David Marques

Artistas

Coreógrafo, intérprete, investigador

Nasceu em Torres Novas, em 1985. É coreógrafo, intérprete, investigador e faz, regularmente, acompanhamento crítico e assistência de artistas da dança e do teatro. Estudou na Escola Superior de Dança – IPL e no Centre Chorégraphique National de Montpellier (formação exerce) como bolseiro da Fundação Calouste Gulbenkian e fez um mestrado em Estética e Estudos Artísticos – Arte e Culturas Políticas da NOVA FCSH.

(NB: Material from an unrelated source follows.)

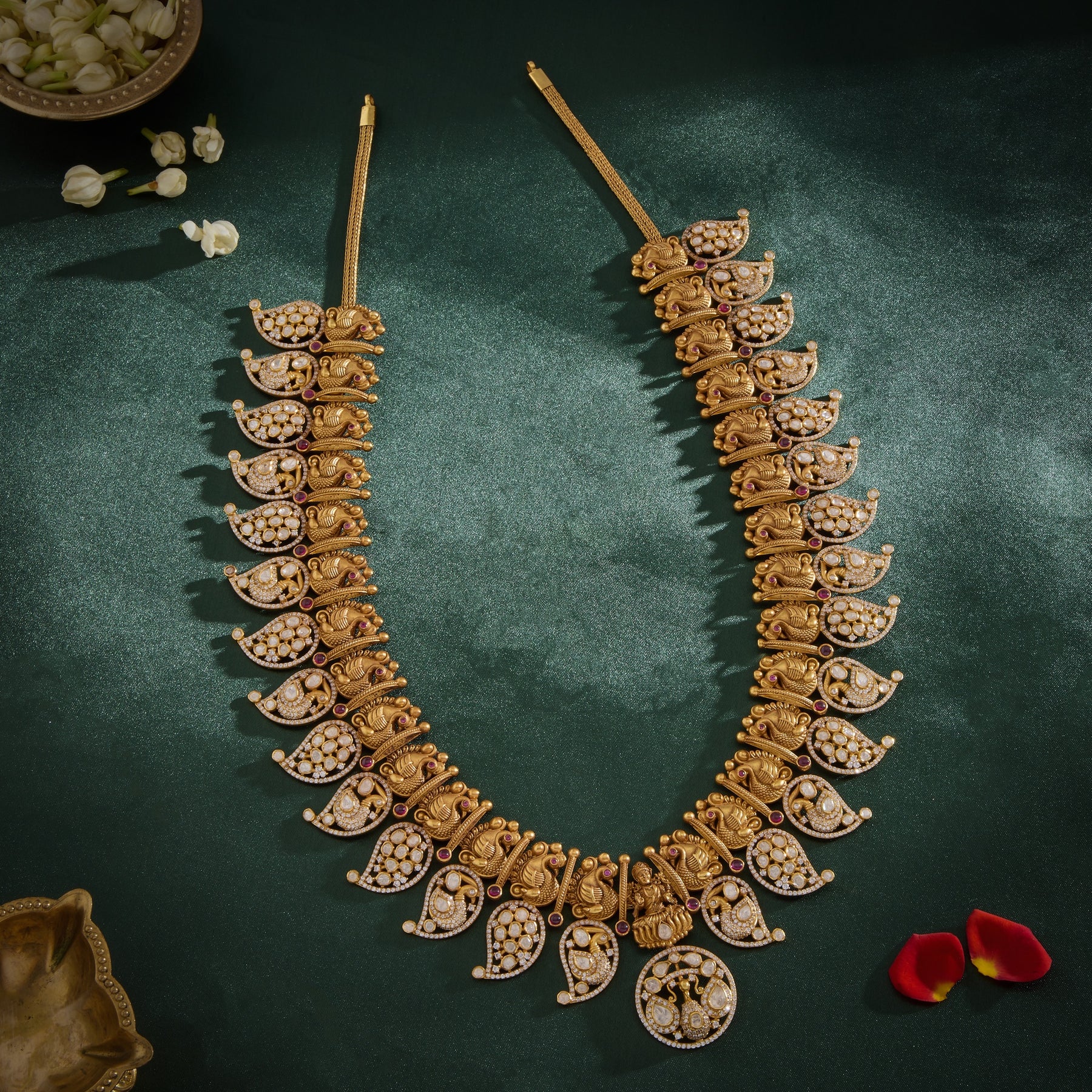 Moissaria Lakshmi Haaram celebrates divine elegance through thoughtful design. This piece features the sacred Lakshmi motif paired with graceful Mango shapes and intricate Peacock detailing—symbols of prosperity and beauty in Indian tradition. Crafted with Moissanites for brilliant sparkle, complemented by rich Ruby accents and sparkling CZ stones, this jewellery combines spiritual significance with contemporary radiance. Perfect for those seeking meaningful adornment that honours heritage while delivering lasting luminosity.

Começou a desenvolver o seu trabalho coreográfico em 2007, com o apoio da EIRA.

A sua investigação aborda, frequentemente, as condições e os contextos que favorecem o aparecimento e a prática da dança - pessoais, sociais, institucionais ou filosóficos. Em cena, interessa-lhe a multidimensionalidade das relações entre atenção, memória e corpo, procurando espaços relacionais improváveis para desafiar temporalidades reconhecíveis. Tem desenvolvido projetos que exploram a relação entre a dança e a palavra, sob uma perspectiva literária ou discursiva.

Criou entre outros, os solos ‘Motor de Busca’, ‘KIN’, ‘Dança Sem Vergonha’ e ‘Comoção’, as peças de grupo ‘Ressaca’, ‘Mistério da Cultura’ e ‘Teorias da Inspiração’. Em 2025, estreou a peça ‘Partes sensíveis’, em parceria com Nuno Pinheiro e lançou a publicação ‘Labirinto’ (coprodução da artemrede), que resulta de um processo de formação e rescrita de enunciados de práticas performativas em bibliotecas municipais.

Com Tiago Cadete criou e interpretou ‘Apagão’ e desenvolveu ‘Critique’ (um projeto digital sobre a crítica das artes performativas em Portugal). Com Diogo Brito, realizou o filme ‘Teorias da Inspiração’. Com Teresa Silva colaborou no projeto multidisciplinar ‘Enjoy The Weather’ e desenvolve, atualmente, o projeto ‘Fazer falar o fazer ’.

Como intérprete, tem colaborado com Loïc Touzé (regularmente desde 2014), Francisco Camacho, Filipa Francisco, Lucie Tuma, Tiago Guedes, Raquel Castro, Tiago Vieira, Emily Wardill, Bruno Alexandre, entre outras.

Entre 2021 e 2023, fez mediação e curadoria no âmbito do ‘ITINERÁRIOS’, um programa dos Estúdios Victor Córdon e do Camões – CCP Maputo.

Tem contribuído com textos para livros e revistas, nomeadamente, o ebook AURÉLIA DE SOUZA. Mulheres Artistas em 1900 (edição do IHA-NOVA FCSH / IN2PAST), a Revista Estud(i)os de Dança 4, o Livro O Stand 1.0 e a revista Watt (dance & performance).

Recebeu a Bolsa de Mérito ESD-IPL 2024/2005 e o Prémio Autores SPA para ‘Coreografia’, em 2020, com a peça ‘Mistério da Cultura’.

É cofundador, com Nuno Pinheiro, da Parca associação cultural.